• WORK TO BE COMPLETED
Please print, exactly as written, the line containing "即將畢業(yè),你找到中意" and each line after it through the end of the material; pictures stay out.

[DATA BLOCK]

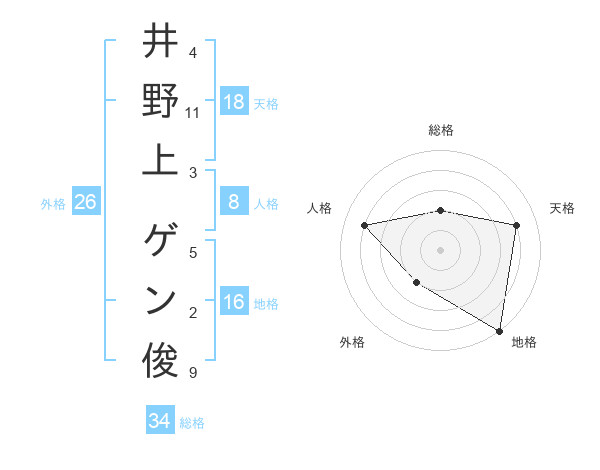 井野上 ゲン俊さんを姓名の画数から五運を鑑定
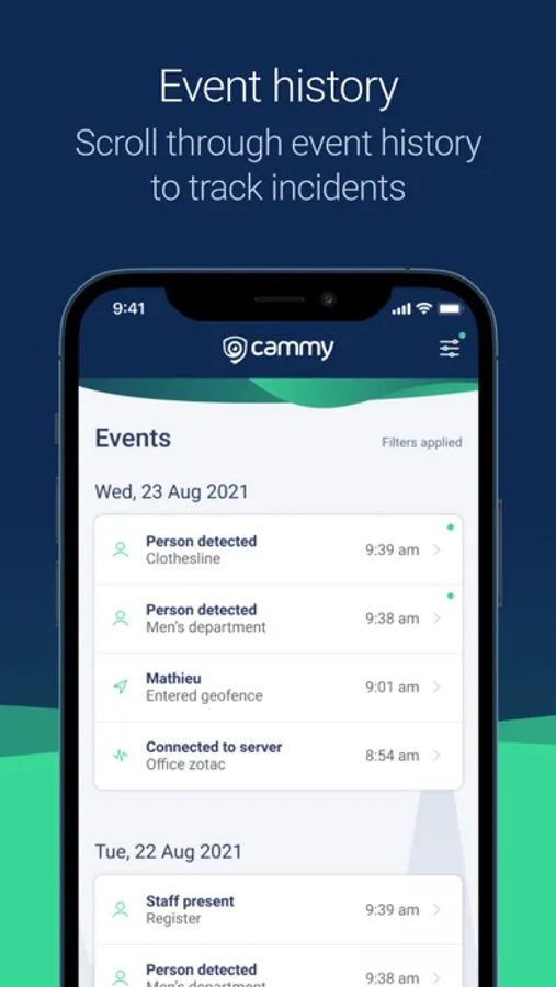 View a history for each camera on your account. This mirrors the event timeline from the Cammy desktop app, ensuring you have access to the same events and bookmarks wherever you are.
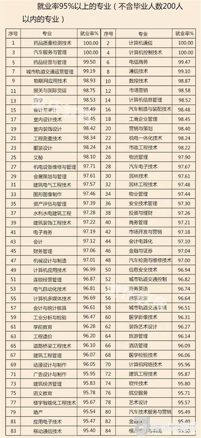 即將畢業(yè),你找到中意的工作了沒?近日,重慶市教委發(fā)布《重慶市2017屆普通高校畢業(yè)生就業(yè)情況報告》。據(jù)統(tǒng)計,2017年,全市共有普通高校畢業(yè)生約21.49萬人,截至2017年8月31日,我市2017屆普通高校畢業(yè)生就業(yè)率為89.65%,與2016屆同比上升0.56%。記者了解到,控制工程專業(yè)、藥品質(zhì)量檢測技術(shù)、汽車服務(wù)與管理等專業(yè),其就業(yè)率達100%。哪個專業(yè)就業(yè)前景“低調(diào)卻奢華”?哪個專業(yè)只是“看上去很美”?趕緊往下看吧!
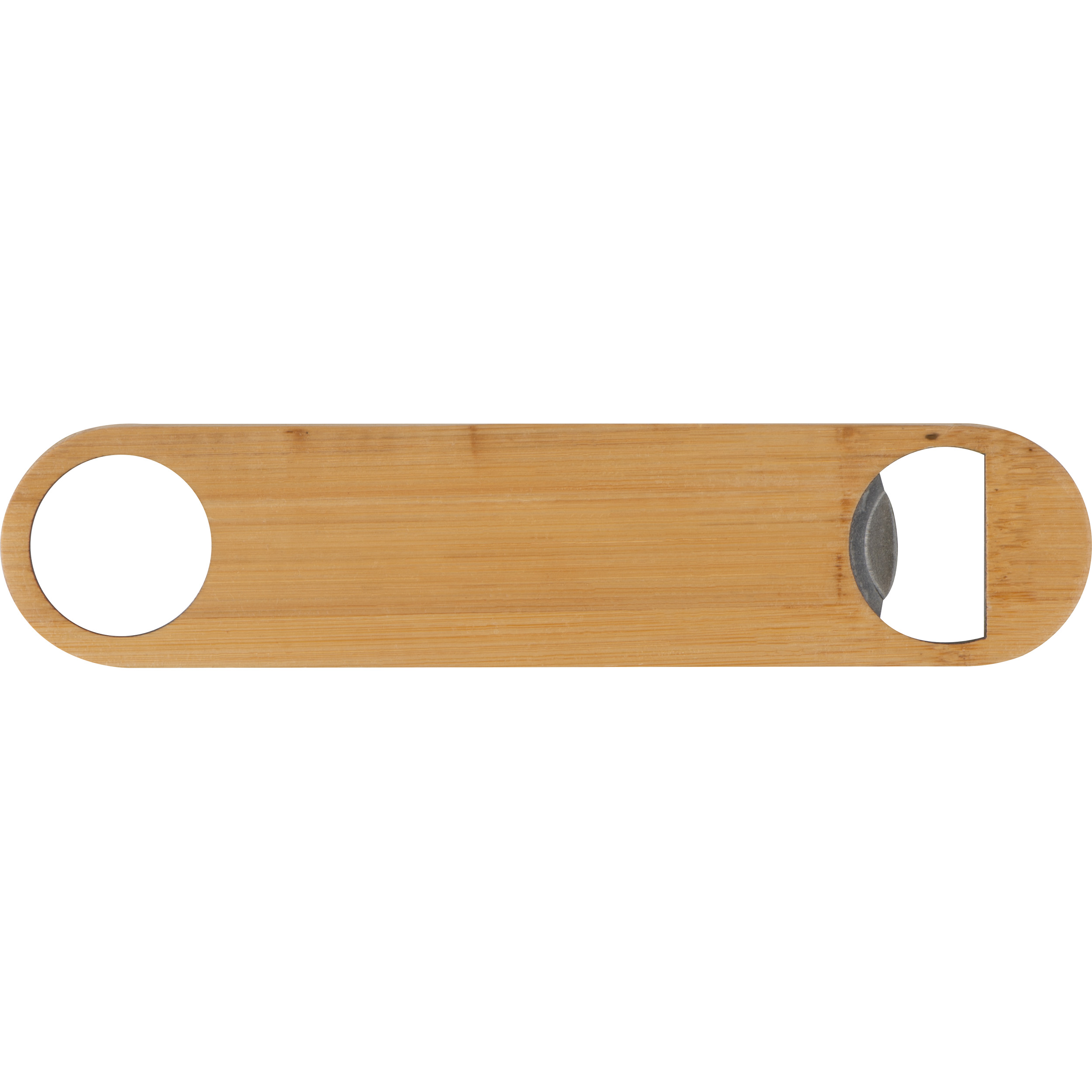 Großer Flaschenöffner aus Edelstahl mit einer Bambusseite. Ihre Werbung wird auf die Bambusseite graviert.

[/DATA BLOCK]

• RESULT FOR THIS TASK
 即將畢業(yè),你找到中意的工作了沒?近日,重慶市教委發(fā)布《重慶市2017屆普通高校畢業(yè)生就業(yè)情況報告》。據(jù)統(tǒng)計,2017年,全市共有普通高校畢業(yè)生約21.49萬人,截至2017年8月31日,我市2017屆普通高校畢業(yè)生就業(yè)率為89.65%,與2016屆同比上升0.56%。記者了解到,控制工程專業(yè)、藥品質(zhì)量檢測技術(shù)、汽車服務(wù)與管理等專業(yè),其就業(yè)率達100%。哪個專業(yè)就業(yè)前景“低調(diào)卻奢華”?哪個專業(yè)只是“看上去很美”?趕緊往下看吧!
 Großer Flaschenöffner aus Edelstahl mit einer Bambusseite. Ihre Werbung wird auf die Bambusseite graviert.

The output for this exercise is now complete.